Impish behavior! Snarky starfish! DOOM! For the Justice League left on Earth, this is reality. But long ago, at the beginning of everything, we find the origin of our story. Perpetua makes a multiverse, in Justice League #22. SPOILERS AHEAD. MAYBE.
So. Many. Words.
James Tynion’s “Legion of Doom” interludes occasionally surprise and delight me. Other times, they make me consider dropping this title altogether. In either scenario, they always include far too many words, most often arranged in unnatural, opaque structures. That’s where we are with Justice League #22, again. There is some interesting, maybe even welcome, information provided about Perpetua and the origin of all we know. Allusions to Crisis on Infinite Earths elicit their intended gleeful giggles. But we have twenty pages of story with very few significant developments.

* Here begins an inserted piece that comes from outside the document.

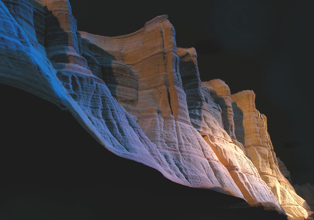 Guy Laramée est un artiste multi faces qui, pendant 30 ans, a exercé son art comme auteur de théâtre, metteur en scène, compositeur, luthier, chanteur, peintre. C’est à son talent de sculpteur que l’on rend hommage aujourd’hui à travers ses incroyables séries de sculptures de livres« the great wall » et « Biblio ». Il y modèle les pages de livres anciens pour révéler des montagnes sereines, des plateaux tranquilles et des plaines imperturbables.

Tynion emphasizes interpersonal interaction between Perpetua and her children, but the character work is fairly bland. What is Pereptua’s motivation? At one point, she says she wants to ensure that all her children live, but then later seems intent on—as her son, the Monitor, points out—”risking infinite lives” to protect herself from cosmic judgment. We can take the easy way out and say she’s just crazy—and maybe she is—but there doesn’t appear to be a clear statement from Tynion to that effect.
As usual, there are some silly mistakes, too. In the first present-day bookend, Jarro threatens to shove “that door knob” into some unspecified part of Lex Luthor’s body, but that doorknob never makes an appearance in the scene. In fact, no door knob makes an appearance in that scene. Perpetua calls her children “the first beings,” but is she not a being? Are those who sent her not beings? And if her children are the first beings, would that not also imply that her multiverse is the first multiverse, since a multiverse is populated with universes, which are in turn populated with beings? And if it’s the first multiverse, then why does she tell them that she created it in a “classic tripartite form?” How can there be classic forms at the dawn of everything?
But Manapul

As I read the comments in our Upcoming Comics post, I noticed a common thread: folks were apprehensive on Tynion, but excited about Francis Manapul. Well, Manapul does not disappoint, and the book does look delicious. When he colors his own work, it’s hard for me to imagine a more pleasing aesthetic in all of comics. But his work—and the quality lettering of Tom Napolitano—are unfortunately insufficient to compensate for poor writing. This tale would have been better served as a three-to-five page recollection of the World Forger, because by the end of this issue, we know very little about who Pereptua actually is, and just a little bit more than we did about what she has done.
Recommended if…
- You’re a completist.
- Manapul is enough for you.
Overall
Unfortunately, the Tynion-helmed Justice League #22 met my expectations: the writing was verbose, at times incoherent, and error-prone. Manapul’s artwork is as gorgeous as we knew it would be, and Napolitano does a fine job with way too many words; but, in the end, this installment of the title fails to add much to the narrative backdrop of New Justice, and likewise misses an opportunity to make Perpetua a rounder character.
SCORE: 5.5/10
DISCLAIMER: Batman News received an advance review copy of this book.